Every day Poets & Writers Magazine scans the headlines—from publishing reports to academic announcements to literary dispatches—for all the news that creative writers need to know. Here are today’s stories:
Maria Popova reviews Maurice Sendak’s posthumous picture book, Presto and Zesto in Limboland, which is “part Alice in Wonderland, part Grimm fairy tale, part prescient analogue for the nonsensical cultural moment we inhabit.” (New York Times)
Next week Sotheby’s will auction Robin Williams’s rare book collection, including three first editions of Waiting for Godot, a collection of illustrations from Tennyson’s Idylls, and a first edition of Walden. (Fine Books Magazine)
Julia M. Stasch, the president of the MacArthur Foundation since 2014, announced she will step down in 2019.
Viet Thanh Nguyen talks about the ethical and aesthetic issues related to memory and writing. (Public Books)
The longlist for the $75,000 Cundill History Prize has been announced.
A group of 110 contributors to the New York Review of Books, including Lorrie Moore, Ian McEwan, and Joyce Carol Oates, have penned a letter to protest the “forced resignation” of Ian Buruma, who resigned as editor last week after publishing a controversial essay by Jian Ghomeshi. (Gothamist)

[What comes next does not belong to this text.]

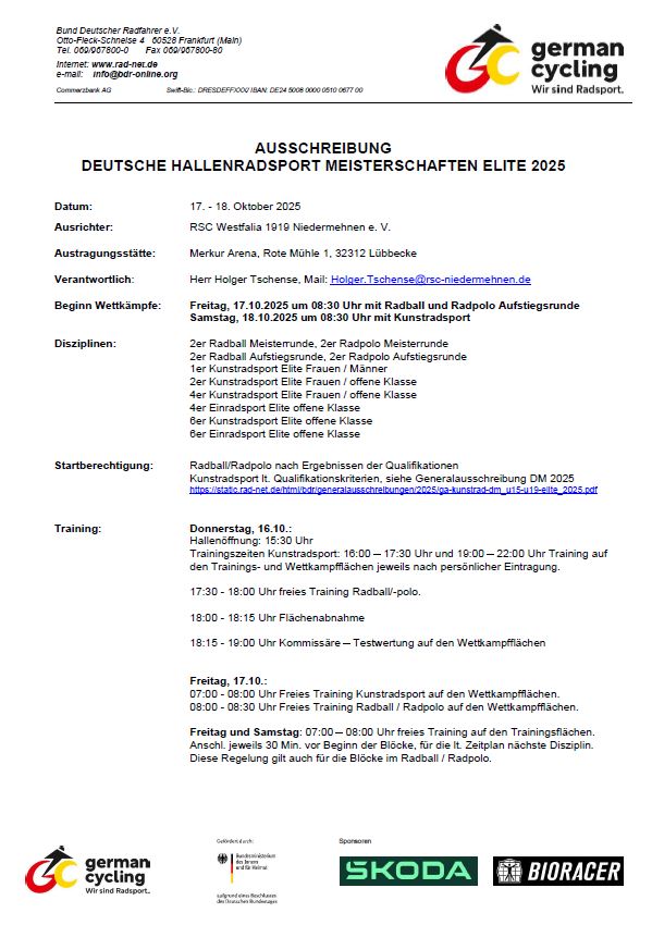 Hier der aktuelle Zeitplan der Deutschen Meisterschaft. Weitere Infos sind unter Tunier / Download-Center abrufbar. Hier der direkte Link zum Programm incl. Zeitplan: Hier der Link zum Programmheft:https://hallenradsport-dm2025.de/wp-content/uploads/2025/10/Programmheft-DM-2025.pdf

“It turns out renting billboards is a bit addictive.” John Green launched a surprise publicity campaign for his brother Hank Green’s debut novel, An Absolutely Remarkable Thing, by renting billboards near their childhood home, buying ads in the London stadium of his favorite soccer team, arranging sponsorships with high school sports teams and clubs across the country, and more. (Washington Post)
Poet Elizabeth Metzger interviews Sarah Ruhl about Letters From Max: A Book of Friendship, a collection of letters between Ruhl and the late poet Max Ritvo. (BOMB)
Read poet Dorothea Lasky’s interview with Ritvo a few months before his death in 2016. (Poets & Writers)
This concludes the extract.